Mish reminds us that In his public meetings to defend his actions in late July, Ben Bernanke said:

“It takes GDP growth of about 2.5 percent to keep the jobless rate constant. But the Fed expects growth of only about 1 percent in the last six months of the year. So that’s not enough to bring down the unemployment rate.”

As Mish also points out, if we don’t get 2.5%, then unemployment will not only NOT come down…it WILL CONTINUE TO RISE.

Pray tell what happens if GDP can’t exceed 2.5% for a couple of years? What about a decade (or on and off for a decade)?  If you have come to the conclusion that we are going to have structurally high unemployment for a decade, you have come to the right conclusion. Ask yourself: Is that what the stock market is priced for?

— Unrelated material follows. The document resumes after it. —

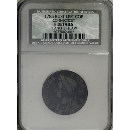 <B>1785 COPPER Connecticut Copper, Bust Left--Planchet Flaw--NCS. Fine Details.</B></I> Miller 7.1-D, High R.4. Although holdered by NCS, the planchet flaw is characteristic of the original coin at the time it was struck, and should not be considered as later damage. This is a pleasing light to medium brown piece with slight surface roughness.<BR><BR><b>Shipping:</b> Coins & Currency (<a target="_blank" href="http://www.heritageauctions.com/common/shipping.php">view shipping information</a>)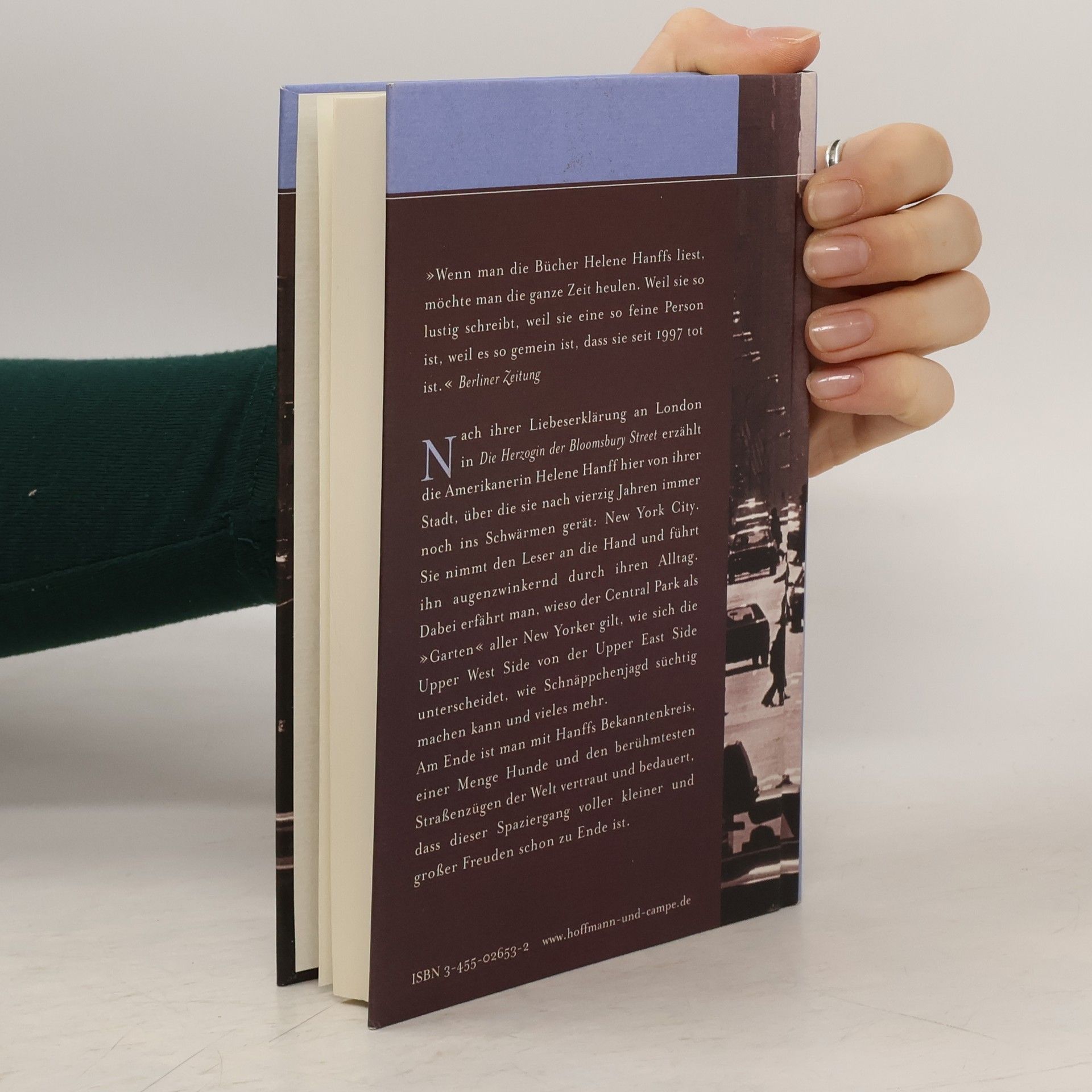 „Wenn man die Bücher Helene Hanffs liest, möchte man die ganze Zeit heulen. Weil sie so lustig schreibt, weil sie eine so feine Person ist, weil es so gemein ist, dass sie seit 1997 tot ist.“ Berliner Zeitung. Die beliebte Autorin lebt seit vier Jahrzehnten in New York, als sie für eine BBC-Radiosendung Geschichten aus ihrer Stadt erzählt. Ihre Begeisterungsfähigkeit ist dabei unverkennbar. Mit Leib und Seele New Yorker erzählt sie in ihrer einzigartigen Art von ihrem Leben, ihrem Freundeskreis und der Stadt selbst. Ursprünglich für sechs Monate geplant, werden die Beiträge zu einem sechsjährigen Projekt und schließlich zu einem Buch. Sie erklärt, warum der Central Park als „Garten“ aller New Yorker gilt, die Unterschiede zwischen Upper West Side und Upper East Side und die Ursprünge der zahlreichen Paraden auf den Straßen. Zudem erfahren wir, wie Arlene, die Hunde eigentlich nicht mag, Freundschaft mit dem Bobtail Bentley schließt, was auf Ninas Dachgarten blüht und wie die Autorin rechtzeitig einen Brautjungfern-Hosenanzug im New Yorker Modedschungel findet. Helene Hanffs Alltag ist ein Geschenk, das uns die kleinen, aber bedeutenden Details des Lebens näherbringt.

The Federal Reserve itself has said that they expect unemployment to remain high for as long as 10 years.  Those unemployed consumers aren’t gonna be able to increase their consumption.  It will have to be the bank employees who get all the bonuses who lead us out of recession.  Are there enough of them?



Who wudda thunk it? Mish appears to have joined Dennis “The Recession is Over” Kneale.  Mish declares the “bottom is in” for GDP although hedging, calling it a “recoveryless” recovery and suggesting the possibility of a double dip later.  As more and more people throw in the towel and “buy in” to the recession is over mantra, the top of the bear market rally should appear.